LouisSayers · 2025-02-24T20:08:13 1740427693

Could you tell us a bit about the coding tools you use and how you go about interacting with Claude?

catherinewu · 2025-02-24T20:28:28 1740428908

We find that Claude is really good at test driven development, so we often ask Claude to write tests first and then ask Claude to iterate against the tests

Kerrick · 2025-02-24T20:48:36 1740430116

Write tests (plural) first, as in write more than one failing test before making it pass?

zarmin · 2025-02-25T01:40:03 1740447603

Time to look up TDD, my friend.

DrammBA · 2025-02-25T15:22:29 1740496949

One of today's lucky 10,000. His mind is about to expand beyond imagination.

DrammBA · 2025-02-26T02:37:58 1740537478

I wish I could delete my original comment now that I found out that Kerric wasn't a lucky 10,000, he's just an asshole...

zarmin · 2025-02-26T05:35:41 1740548141

Well, you lucky-10,000'd people who didn't know about the 10,000 thing. That's not nothing.

Kerrick · 2025-02-25T18:03:30 1740506610

Time to actually read Test-Driven Development By Example, my friend. Or if you can't stomach reading a whole book, read this: https://tidyfirst.substack.com/p/canon-tdd

TL;DR - If you're writing more than one failing test at a time, you are not doing Test-Driven Development.

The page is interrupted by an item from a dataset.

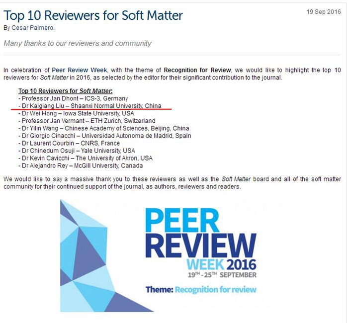9 月 19-25 日是 2016 年度全球 Peer Review Week 周,今年的主题是 “Recognition for Review”,旨在表彰为期刊出版、基金评审、会议申请等一系列工作作出重大贡献的评审人员。本届 Peer Review Week 期间,英国皇家化学会评选出了旗下 43 本期刊每本期刊的十佳评审人。我院刘凯强博士荣获《Soft Matter》期刊十佳审稿人。

zarmin · 2025-02-25T23:24:20 1740525860

oh my god, your comment was just a setup for you to be pedantic? all discourse on the internet is worthless. i don't know why i keep engaging.

crowcroft · 2025-02-24T19:48:13 1740426493

Sometimes I wonder if there is overfitting towards benchmarks (DeepSeek is the worst for this to me).

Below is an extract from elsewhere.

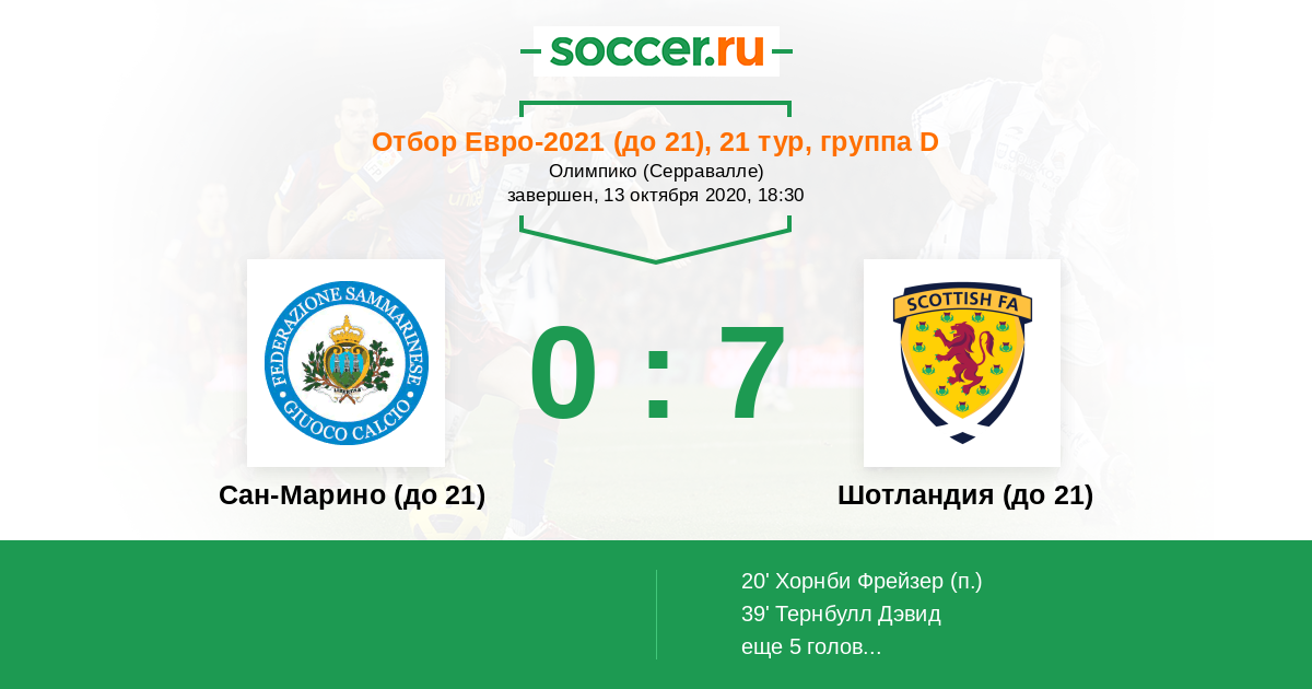 Протокол матча Сан-Марино (до 21) против Шотландия (до 21)

Claude is pretty consistently the chat I go back to where the responses subjectively seem better to me, regardless of where the model actually lands in benchmarks.

ben_w · 2025-02-24T20:01:45 1740427305

> Sometimes I wonder if there is overfitting towards benchmarks

There absolutely is, even when it isn't intended.

The difference between what the model is fitting to and reality it is used on is essentially every problem in AI, from paperclipping to hallucination, from unlawful output to simple classification errors.

(Ok, not every problem, there's also sample efficiency, and…)

FergusArgyll · 2025-02-24T22:36:07 1740436567

Ya, Claude crushes the smell test

bicx · 2025-02-24T19:18:45 1740424725

Claude 3.5 has been fantastic in Windsurf. However, it does cost credits. DeepSeek V3 is now available in Windsurf at zero credit cost, which was a major shift for the company. Great to have variable options either way.

I’d highly recommend anyone check out Windsurf’s Cascade feature for agentic-like code writing and exploration. It helped save me many hours in understanding new codebases and tracing data flows.

throwup238 · 2025-02-24T19:38:45 1740425925

DeepSeek’s models are vastly overhyped (FWIW I have access to them via Kagi, Windsurf, and Cursor - I regularly run the same tests on all three). I don’t think it matters that V3 is free when even R1 with its extra compute budget is inferior to Claude 3.5 by a large margin - at least in my experience in both bog standard React/Svelte frontend code and more complex C++/Qt components. After only half an hour of using Claude 3.7, I find the code output is superior and the thinking output is in a completely different universe (YMMV and caveat emptor).

For example, DeepSeek’s models almost always smash together C++ headers and code files even with Qt, which is an absolutely egregious error due to the meta-object compiler preprocessor step. The MOC has been around for at least 15 years and is all over the training data so there’s no excuse.

SkyPuncher · 2025-02-24T20:22:04 1740428524

I've found DeepSeek's models are within a stone's throw of Claude. Given the massive price difference, I often use DeepSeek.

That being said, when cost isn't a factor Claude remains my winner for coding.

rubymamis · 2025-02-24T20:23:37 1740428617

Hey there! I’m a fellow Qt developer and I really like your takes. Would you like to connect? My socials are on my profile.

throwup238 · 2025-02-24T20:44:21 1740429861

We’ve already connected! Last year I think, because I was interested in your experience building a block editor (this was before your blog post on the topic). I’ve been meaning to reconnect for a few weeks now but family life keeps getting in the way - just like it keeps getting in the way of my implementing that block editor :)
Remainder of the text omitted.